START Data extracts
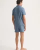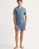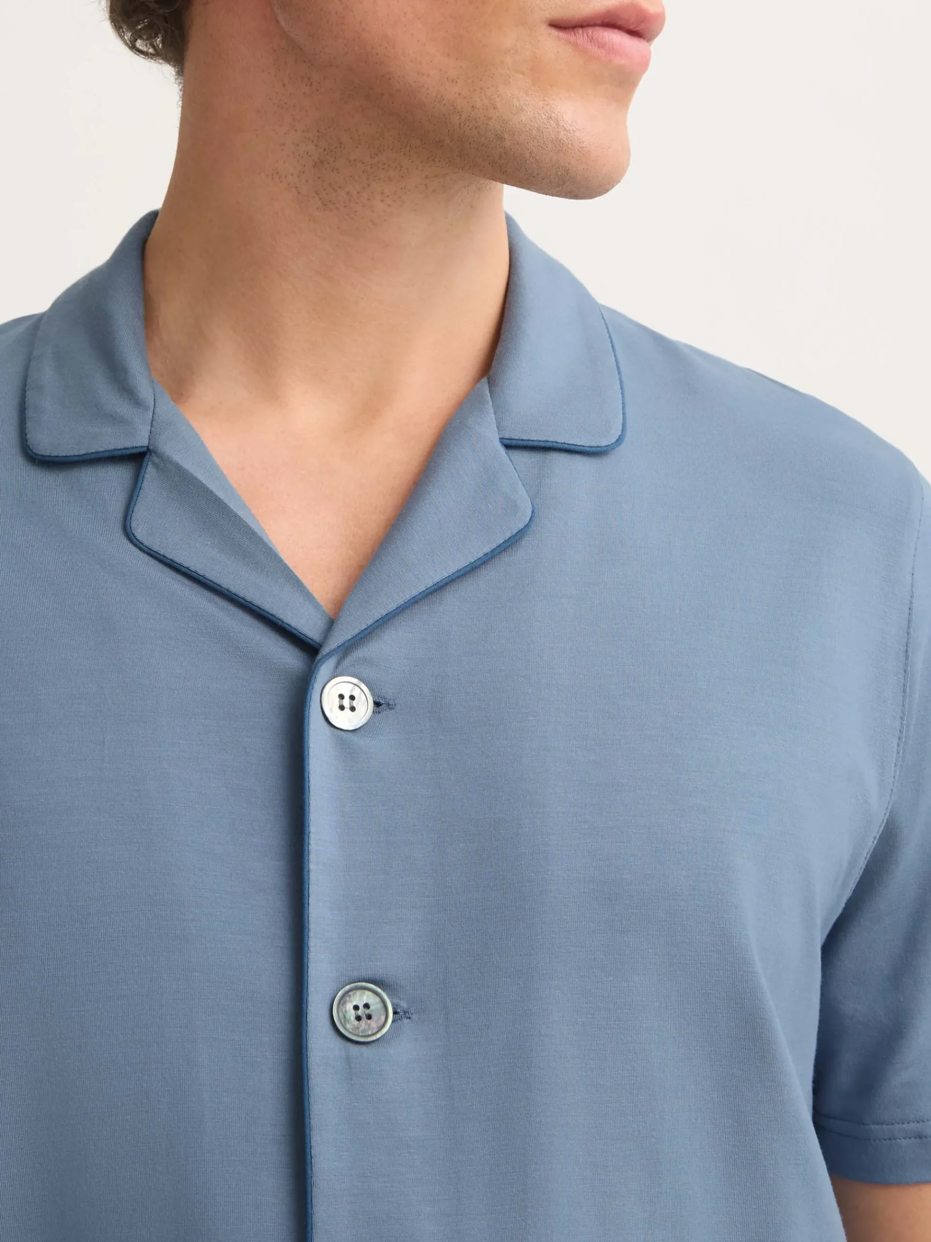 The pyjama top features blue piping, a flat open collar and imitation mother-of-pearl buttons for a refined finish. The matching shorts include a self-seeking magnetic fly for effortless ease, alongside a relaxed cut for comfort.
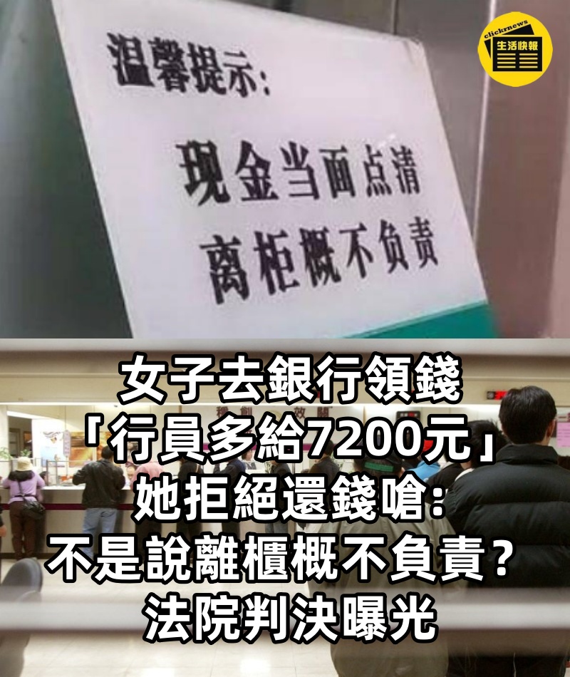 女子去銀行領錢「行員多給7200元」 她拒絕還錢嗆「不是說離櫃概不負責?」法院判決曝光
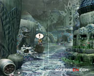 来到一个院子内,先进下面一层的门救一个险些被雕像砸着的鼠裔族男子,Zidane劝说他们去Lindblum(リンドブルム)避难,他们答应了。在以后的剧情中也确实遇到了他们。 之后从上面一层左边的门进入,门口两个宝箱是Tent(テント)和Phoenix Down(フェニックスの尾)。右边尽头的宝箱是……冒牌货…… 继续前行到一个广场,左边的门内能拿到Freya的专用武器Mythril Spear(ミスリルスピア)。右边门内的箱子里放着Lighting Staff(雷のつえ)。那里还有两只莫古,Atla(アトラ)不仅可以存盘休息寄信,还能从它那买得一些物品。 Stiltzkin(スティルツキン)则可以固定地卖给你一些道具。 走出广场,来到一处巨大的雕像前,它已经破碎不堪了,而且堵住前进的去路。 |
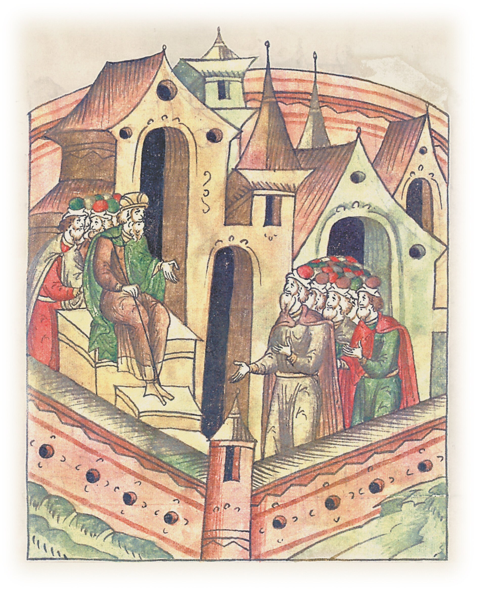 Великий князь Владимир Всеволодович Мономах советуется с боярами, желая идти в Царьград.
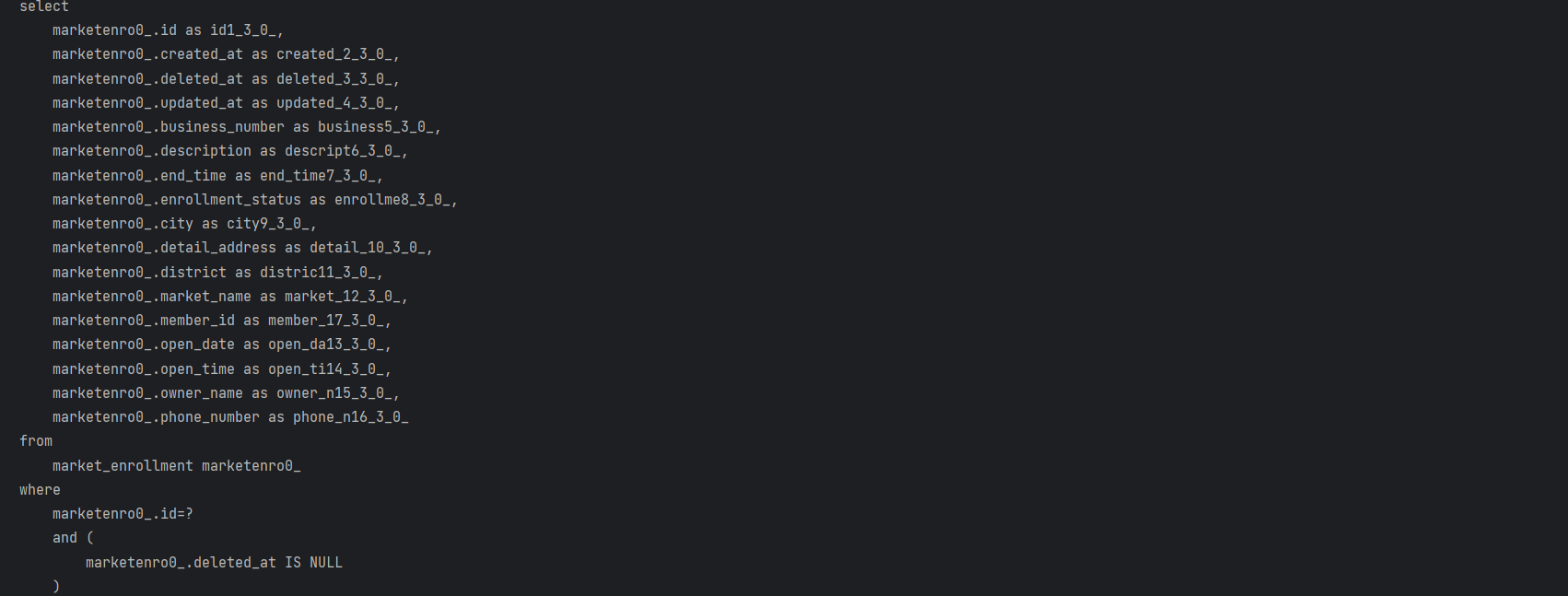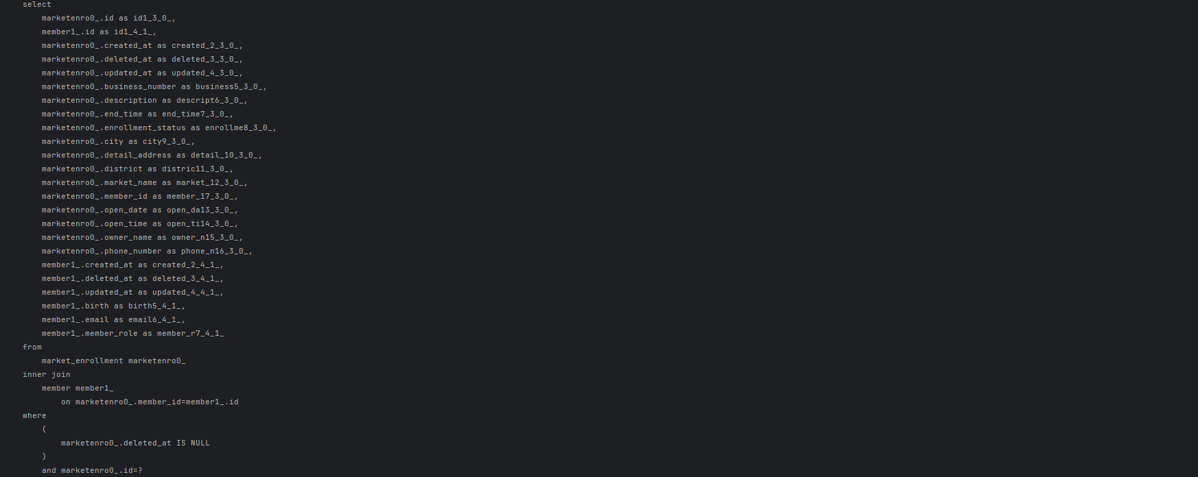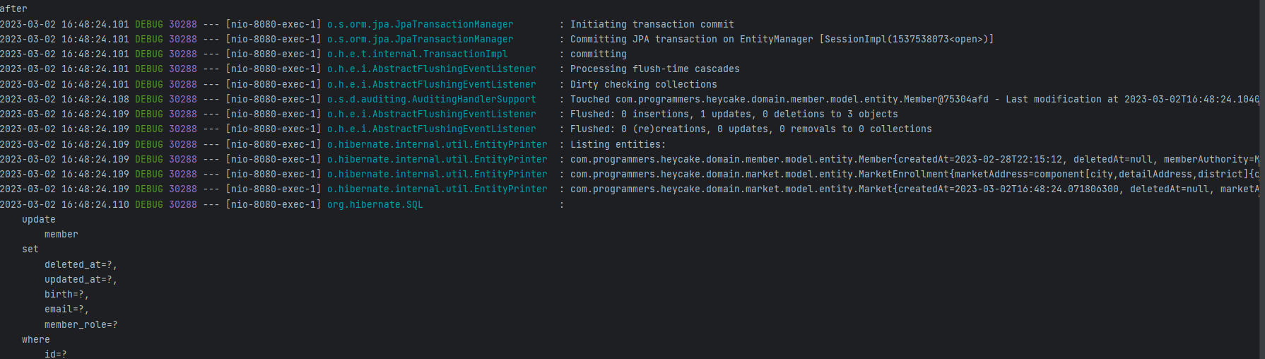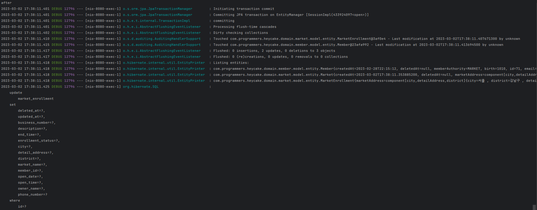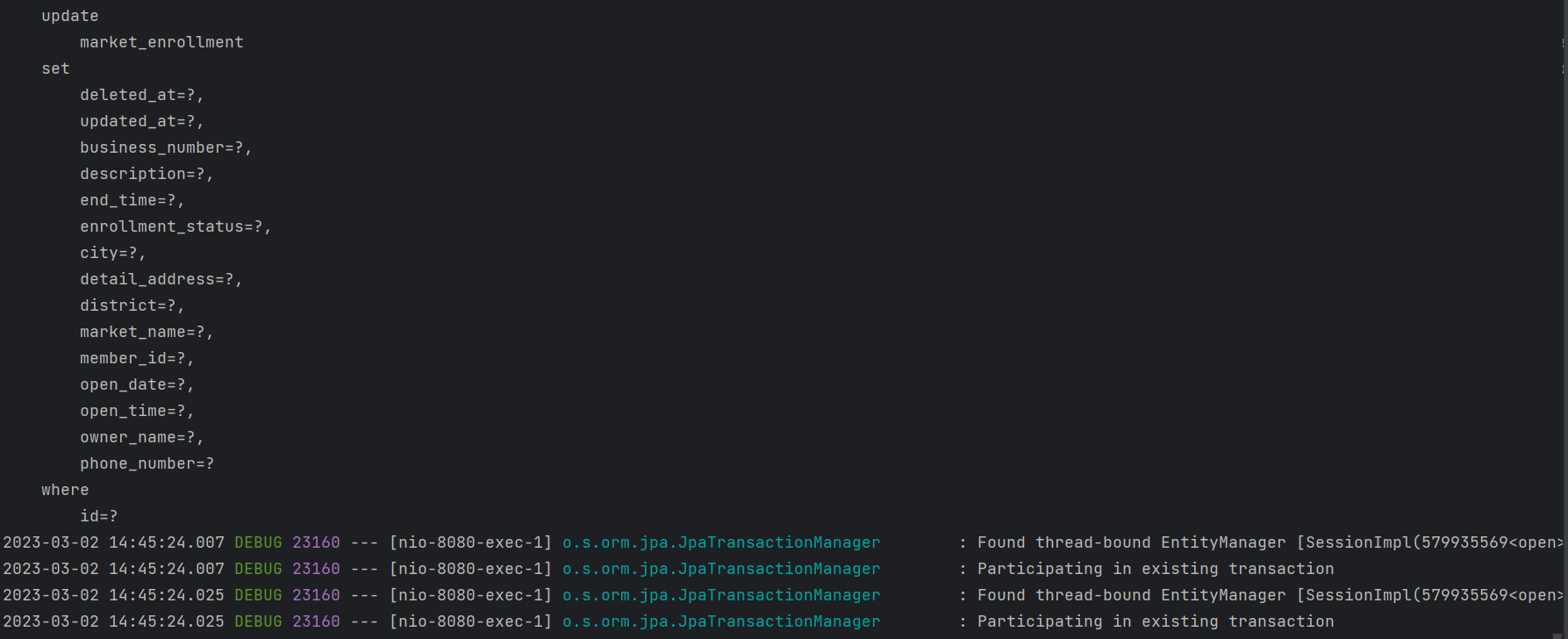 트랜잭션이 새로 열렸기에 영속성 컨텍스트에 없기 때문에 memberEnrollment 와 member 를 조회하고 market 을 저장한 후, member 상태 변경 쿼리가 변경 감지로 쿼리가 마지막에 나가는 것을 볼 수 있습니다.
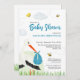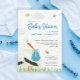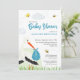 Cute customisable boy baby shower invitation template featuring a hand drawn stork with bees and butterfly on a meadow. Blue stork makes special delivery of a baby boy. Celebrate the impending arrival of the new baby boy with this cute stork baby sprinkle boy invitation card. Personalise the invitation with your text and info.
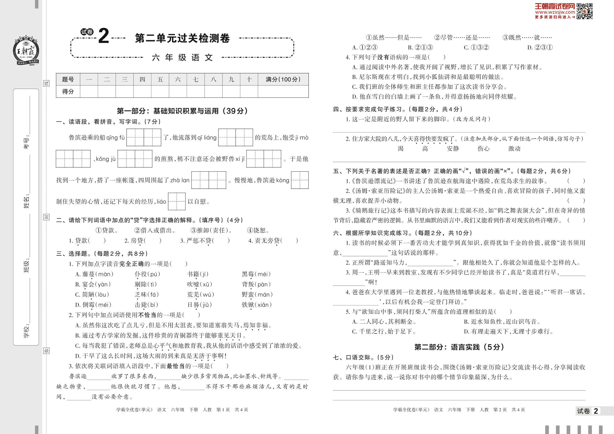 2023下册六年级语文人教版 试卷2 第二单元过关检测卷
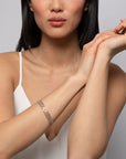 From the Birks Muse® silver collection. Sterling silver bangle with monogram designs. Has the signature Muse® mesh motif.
END Data extracts
### Task objective
Please set the records down again exactly as written. The pictures should not be included.

### Expected answer
 The pyjama top features blue piping, a flat open collar and imitation mother-of-pearl buttons for a refined finish. The matching shorts include a self-seeking magnetic fly for effortless ease, alongside a relaxed cut for comfort.
 女子去銀行領錢「行員多給7200元」 她拒絕還錢嗆「不是說離櫃概不負責?」法院判決曝光
 来到一个院子内,先进下面一层的门救一个险些被雕像砸着的鼠裔族男子,Zidane劝说他们去Lindblum(リンドブルム)避难,他们答应了。在以后的剧情中也确实遇到了他们。 之后从上面一层左边的门进入,门口两个宝箱是Tent(テント)和Phoenix Down(フェニックスの尾)。右边尽头的宝箱是……冒牌货…… 继续前行到一个广场,左边的门内能拿到Freya的专用武器Mythril Spear(ミスリルスピア)。右边门内的箱子里放着Lighting Staff(雷のつえ)。那里还有两只莫古,Atla(アトラ)不仅可以存盘休息寄信,还能从它那买得一些物品。 Stiltzkin(スティルツキン)则可以固定地卖给你一些道具。 走出广场,来到一处巨大的雕像前,它已经破碎不堪了,而且堵住前进的去路。 |
 Великий князь Владимир Всеволодович Мономах советуется с боярами, желая идти в Царьград.
 트랜잭션이 새로 열렸기에 영속성 컨텍스트에 없기 때문에 memberEnrollment 와 member 를 조회하고 market 을 저장한 후, member 상태 변경 쿼리가 변경 감지로 쿼리가 마지막에 나가는 것을 볼 수 있습니다.
 Cute customisable boy baby shower invitation template featuring a hand drawn stork with bees and butterfly on a meadow. Blue stork makes special delivery of a baby boy. Celebrate the impending arrival of the new baby boy with this cute stork baby sprinkle boy invitation card. Personalise the invitation with your text and info.
 2023下册六年级语文人教版 试卷2 第二单元过关检测卷
 From the Birks Muse® silver collection. Sterling silver bangle with monogram designs. Has the signature Muse® mesh motif.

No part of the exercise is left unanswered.